### Task item:
Output the lines from the one holding "Deze verdieping wordt" to the end of the entries that follow, exactly and only those, minus any pictures.
Top of Records provided
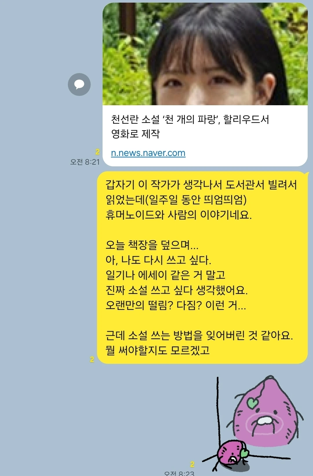 그럼에도... 이제 긴 호흡의 글 쓰는 방법을 잊어버린 것 같다. 또한 긴 글을 쓰기 위해서는 나는 또다시 긴~ 준비를 해야 할 테고, 한번 시작하면 출석도장 찍듯 해내야 한다는 압박감을 가질 테다.
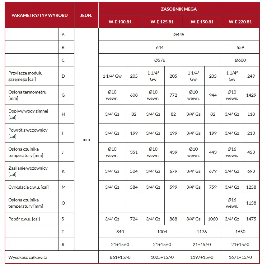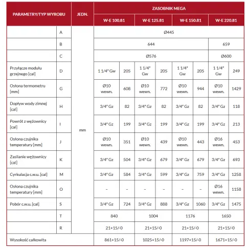 Zasobniki serii Mega pracują w pozycji stojącej, przeznaczone są do podgrzewania i magazynowania ciepłej wody na cele użytkowe przy współpracy ze wszystkimi rodzajami kotłów (na olej, gaz lub paliwa stałe)Zasobnik wykonany jest z wysokogatunkowej blachystalowej i wyposażony jest w wężownicę spiralną, która może współpracować z różnymi źródłami ciepła np. kocioł c.o., system solarny, kominek z płaszczem wodnym itp. W każdej z wersji zbiornik ciepłej wody użytkowej zabezpieczony jest przed korozją emalią ceramiczną oraz ochronną anodą magnezową. Wężownica nie jest wewnętrznie zabezpieczona antykorozyjnie. Izolację cieplną zbiornika stanowi specjalnie dobrana izolacja, która zapewnia bardzo dobre właściwości termoizolacyjne urządzeń. Zasobniki posiadają estetyczną obudowę z tworzywa sztucznego, wskaźnik temperatury oraz króćce do montażu elektrycznego modułu grzejnego i podłączenia cyrkulacji c.w.u.
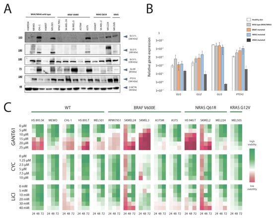 HH-GLI pathway activity in melanoma cell lines. (A) Western blot analysis of relative protein expression levels of GLI1, GLI2, GLI3 and PTCH1 in a panel of 14 melanoma cell lines. FL refers to the full-length protein, while R refers to the repressor form. (B) Average gene expression of GLI1, GLI2, GLI3 and PTCH1 relative to the housekeeping gene RPLP0 summarized according to the mutational background of the tested panel of melanoma cell lines. (C) Heatmap showing MTT proliferation assay on 14 melanoma cell lines. Cells were treated with three different HH-GLI pathway inhibitors in five doses, during 24, 48 and 72 h. Green color indicates high cell viability and red color indicates low viability (cell death). The uncropped blots are shown in File S1.
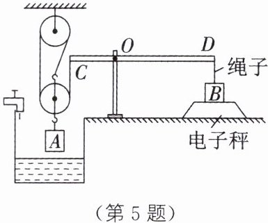 5. 如图所示为利用电子秤监控水库水位的装置,由长方体A和B、滑轮组、轻质杠杆CD、电子秤等组成,杠杆 答案讲解 始终在水平位置平衡。已知$OC:OD= 1:2$,A的体积为0.02 m^3,A的重力为400 N,B的重力为150 N,动滑轮重为100 N,不计绳重与一切摩擦,$\rho_水= 1.0×10^3\ kg/m^3$,g取10 N/kg。求:
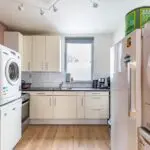 Deze verdieping wordt momenteel gebruikt als een praktijkruimte. De ruimte is licht, ruim en biedt toegang tot de achtertuin. Er is een keukenblok aanwezig, evenals veel vaste kastruimte en een toilet ook een mogelijkheid om dit op te toveren tot een extra woonkamer of iets dergelijks.
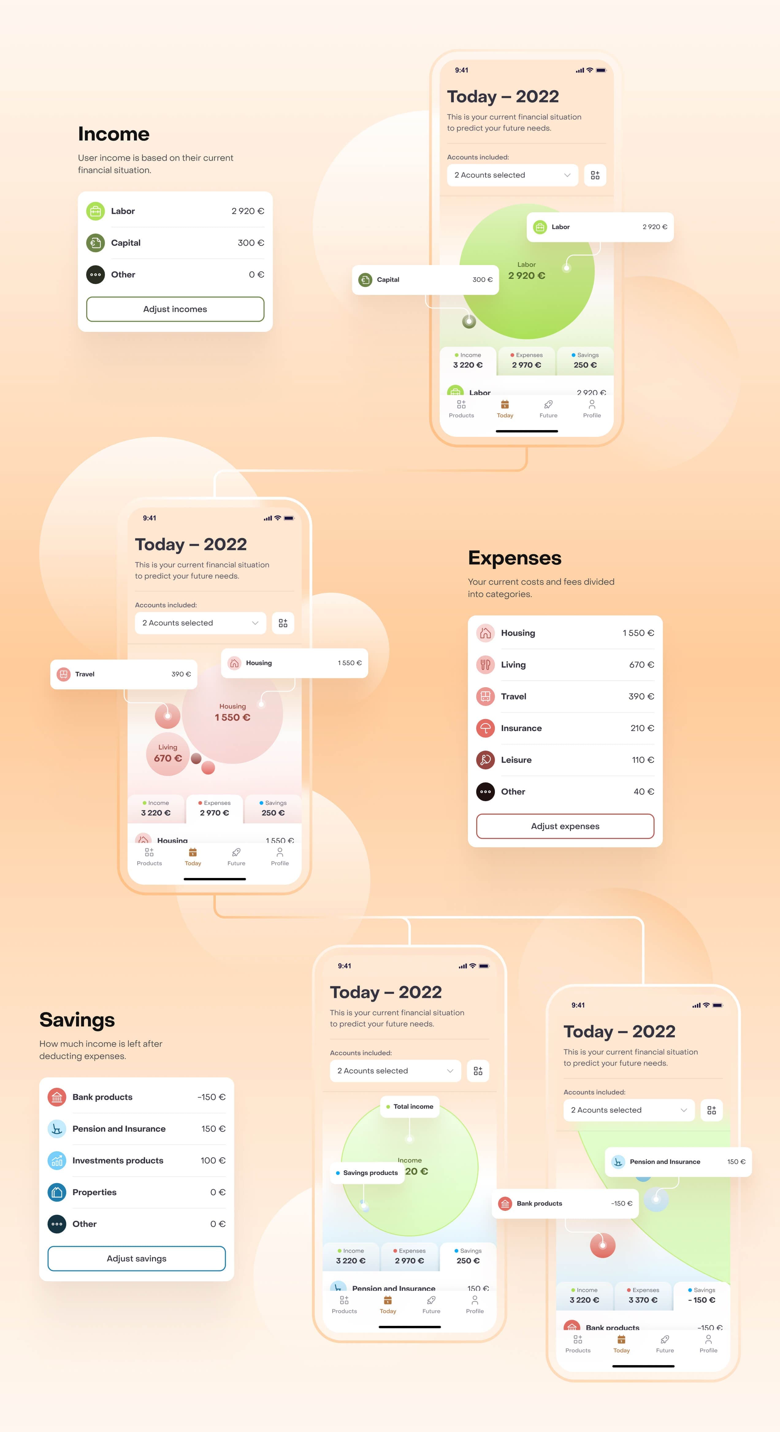 The Today dashboard in the application provides users with a snapshot of their present financial status. The use of color coding adds to the visual ease of understanding, with each bubble symbolizing a distinct financial product. This feature enables users to conveniently enhance their financial situation by making adjustments to their income, expenses, and savings.
Bottom of Records provided
### Solution for this problem:
 Deze verdieping wordt momenteel gebruikt als een praktijkruimte. De ruimte is licht, ruim en biedt toegang tot de achtertuin. Er is een keukenblok aanwezig, evenals veel vaste kastruimte en een toilet ook een mogelijkheid om dit op te toveren tot een extra woonkamer of iets dergelijks.
 The Today dashboard in the application provides users with a snapshot of their present financial status. The use of color coding adds to the visual ease of understanding, with each bubble symbolizing a distinct financial product. This feature enables users to conveniently enhance their financial situation by making adjustments to their income, expenses, and savings.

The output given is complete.